南宋(そう)の光宗(こうそう)皇帝は 四十四歳のとき、父である
寿皇(じゅこう)(孝宗〈こうそう〉皇帝) から帝位を譲られた。
光宗の皇后の李(り)氏は、
激しい気性で嫉妬深かった。
今、嘉(か)王に封ぜられている自分が 生んだ皇子を早く太子に立てたいと思い、
宮中で開催された内輪の宴(うたげ)の際に 寿皇に頼んでみたが、 許してもらえなかった。
このときの李氏の態度が無礼だったので、 寿皇は怒って叱りつけた。
これを不満に思った李氏は、
あることないことでっち上げ、
「寿皇は陛下を廃して、 他の者を天子に立てるおつもりです」
といった。
光宗は驚き恐れて疑惑と嫉妬に さいなまれるようになった。
ノイローゼ状態である。
後宮で頓死(とんし)した者があると聞く と、光宗は「明日はわが身」と体を震わせ
て恐れ、病気はいよいよ重くなっていった。
光宗は、寿皇のいる 重華宮(ちょうかきゅう)には行かなく
なり、二年近くたってようやく一度だけ 行った。
そういう状態なので、寿皇はますます 不機嫌になった。
光宗も自分が病気で、寿皇の病気を 介抱することができなかった。
寿皇は重華宮に五年以上いて、
六十八歳で崩御された。
光宗は病気のために、喪に服する礼を とることすらできなかった。
ある日のこと、光宗は突然、 バッタリと倒れたことがあった。
朝廷の内も外も、この先どうなることかと
心配したので、寿皇の母の太皇太后が 嘉王を太子に立て、即位させた。
これを寧宗(ねいそう)皇帝という。
その六年後、光宗は五十四歳で崩御した。
皇后の悪巧みさえなければ、
もしかしたら光宗はもう少しまともに 天子としての仕事をこなすことが できたかもしれない。

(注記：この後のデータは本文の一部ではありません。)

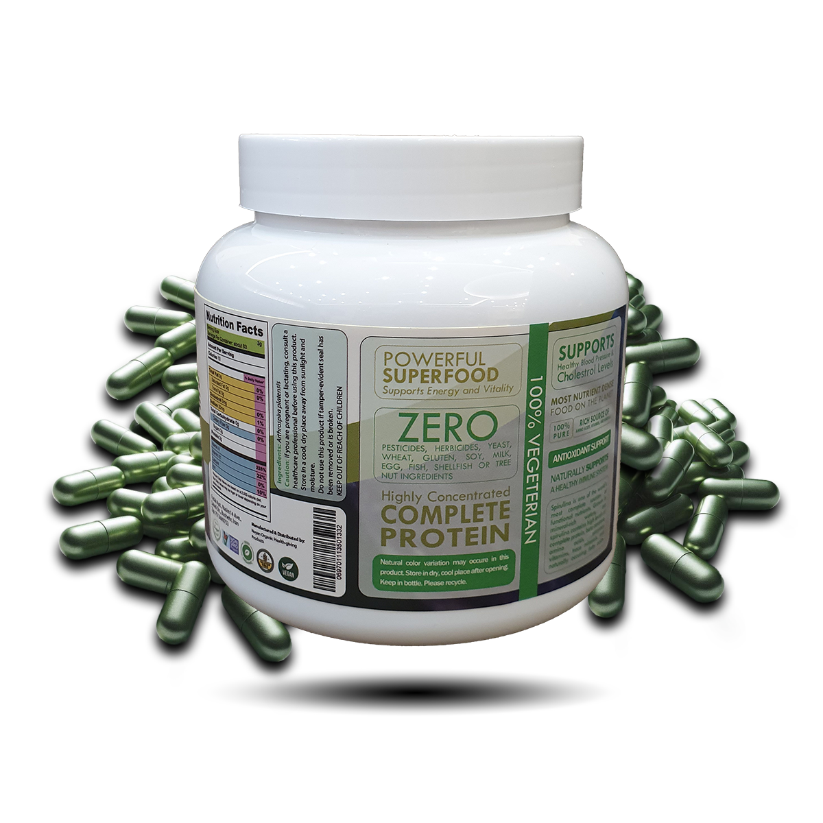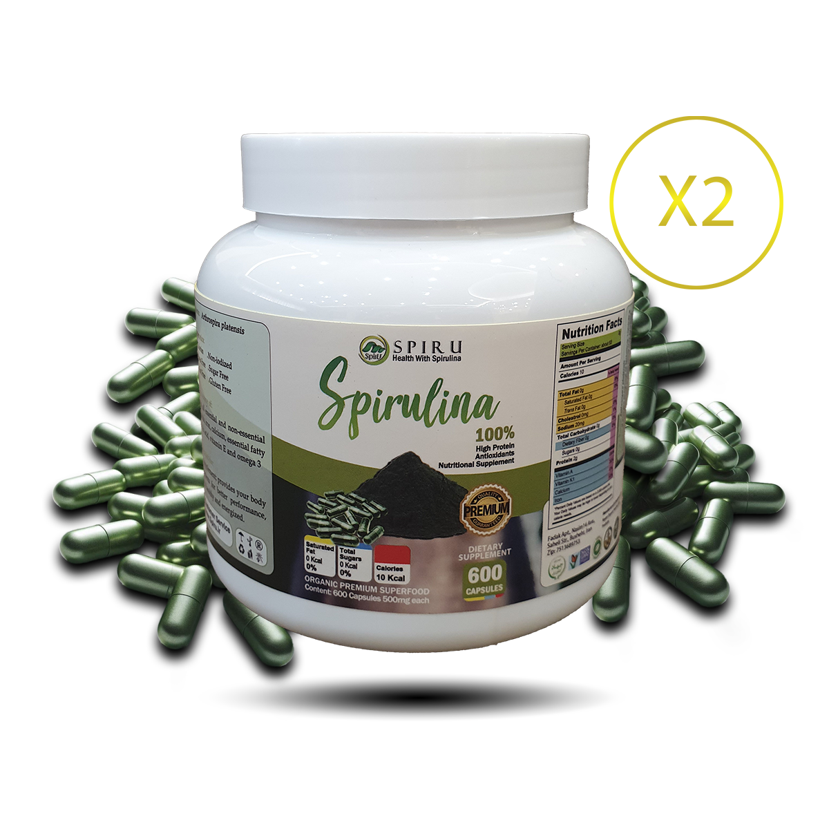 | محتویات | پودر خالص اسپیرولینا, کپسول ژلاتینی |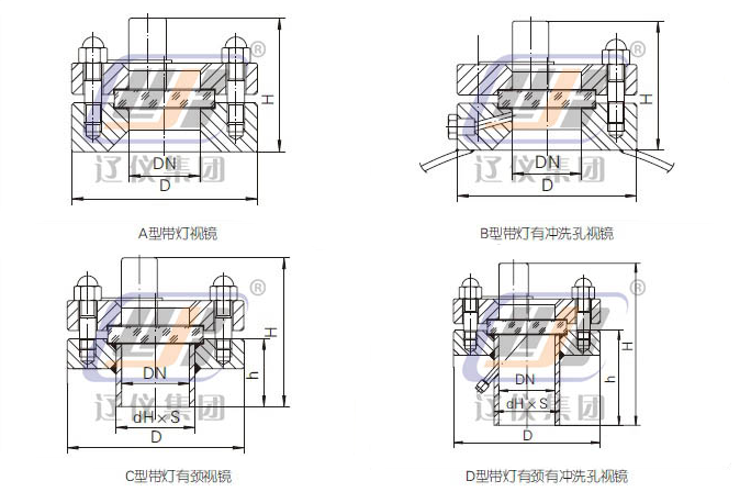 帶燈視鏡是我公司按照化工部(HG)標準生產、制造的一種設備窺視裝置。該系列產品與設備之間均采用焊接形式。該產品廣泛應用于石油、化工、電力、冶金、醫藥等領域,可直接對設備中流體的工作狀態進行觀測。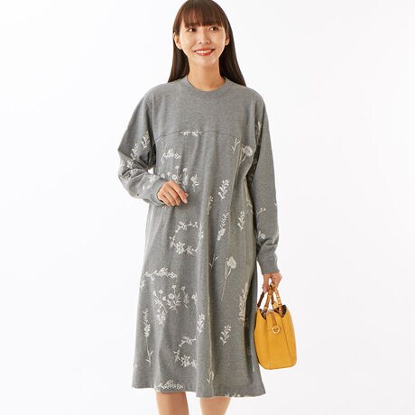単色の総刺繍で上品なテキスタイルに仕上げた裏毛素材のワンピース。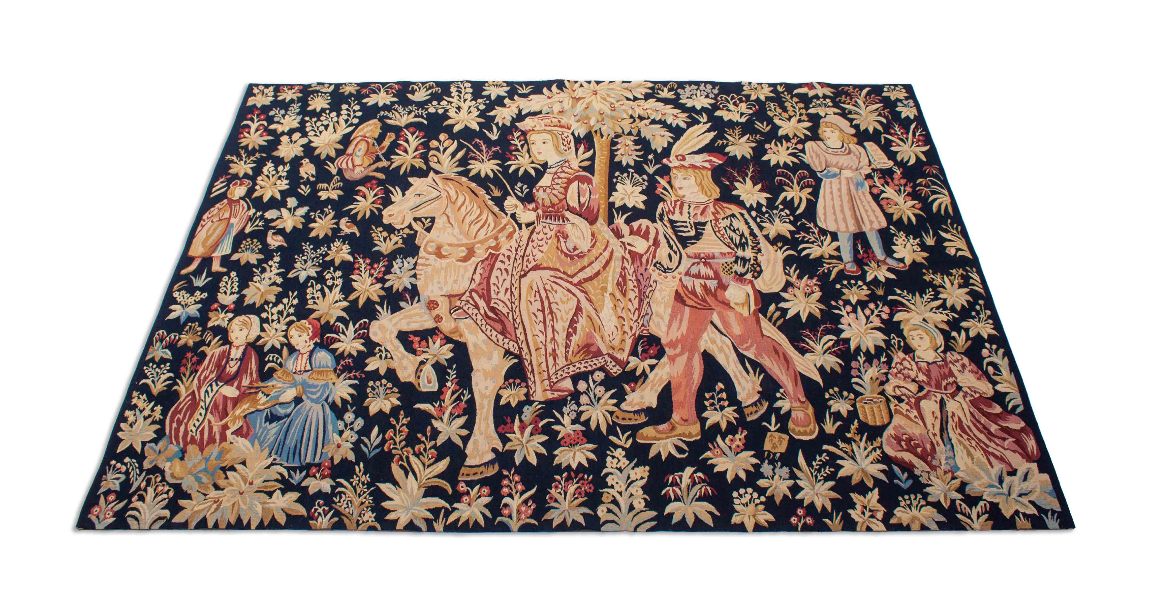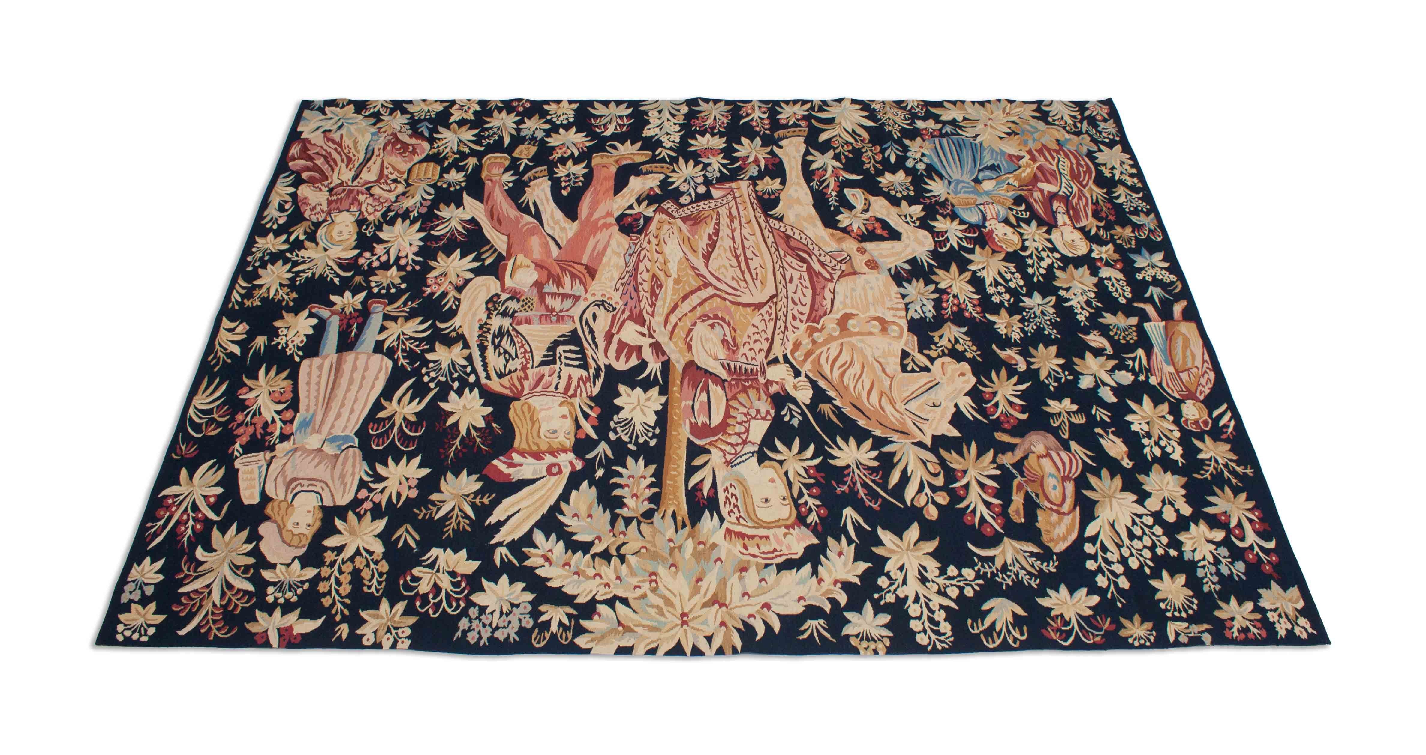 L'arrière-plan de cette Aubusson est bleu foncé.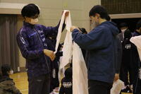 昨年は「避難所設営」で、今年は「三角巾による包帯講習会」の実践。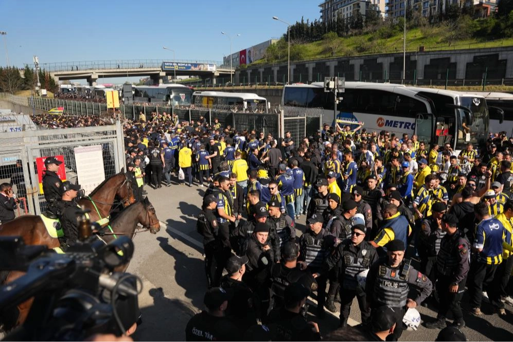 Trendyol Süper Lig’in 31. haftasında Galatasaray ile Fenerbahçe saat 20.00'de RAMS Park'ta karşı karşıya gelecek. Bu zorlu müsabakayı İl Spor Güvenlik Kurulu kararı gereği 2 bin 488 sarı-lacivertli taraftar da stattan takip edecek. Bugün saat 15.00'te Fenerbahçe Şükrü Saracoğlu Spor Kompleksi önünde toplanan taraftarlar bilet kontrolünün ardından otobüslere bindi. Fenerbahçe yönetimi de deplasmanda takımlarını takip edecek taraftarlara jest yaparak çubuklu forma hediye etti. Taraftarlar daha sonra maçın oynanacağı stadyuma hareket etti. Fenerbahçe taraftarını taşıyan 45 otobüs stada ulaştı. Yoğun güvenlik önlemleri altında geçiş yapan sarı-lacivertli taraftarlar beste ve tezahüratlarla tribünlere giriş yaptı.

寧宗がまだ嘉王であった頃、 黄裳(こうしょう)という者が嘉王を 善道へ導く係となって嘉王に
講義したり指導したりしていた。
光宗はあるとき、黄裳にこういった。
「嘉王の学問が進んでいるのは、
皆、そなたの功績である」
すると黄裳は、
「もしも嘉王さまに徳を積ませ、
学業を修めさせ、古(いにしえ)の聖王の 跡を実践させようとお望みであるなら
ば、ぜひとも天下第一の人物を尋ねて、 その人物に学ばせられるのが よろしかろうと存じます」
と進言した。
光宗が、
「その人物とはいったい誰か」
と尋ねたところ、黄裳はこう答えた。
「朱熹(しゅき)でございます」
黄裳が退任後に嘉王に講義した者は、 いつも朱熹の説を語ったという。
光宗が意識的に、儒教の中興者であり
朱子学の創始者である朱熹の教えを語る者 を、太子の教育係に任命したのだろう。
このような光宗が、
ただの暗愚な皇帝だったとは考えにくい。
皇后の仕掛けた罠にはまり、 帝位を譲らなければならない状況に
陥ることの恐怖におびえ、皇帝としての 仕事が十分にできなかった光宗。
己の地位を守ることに汲々としていたため
に、父である寿皇をも信じることができず、 ひざを詰めて話し合うこともしなかった。
その結果、子である嘉王に帝位が譲られた のは皮肉なことであった。
意志の弱い、受身的な権力者は、
周囲の陰謀に翻弄され、 貶められていくのみである。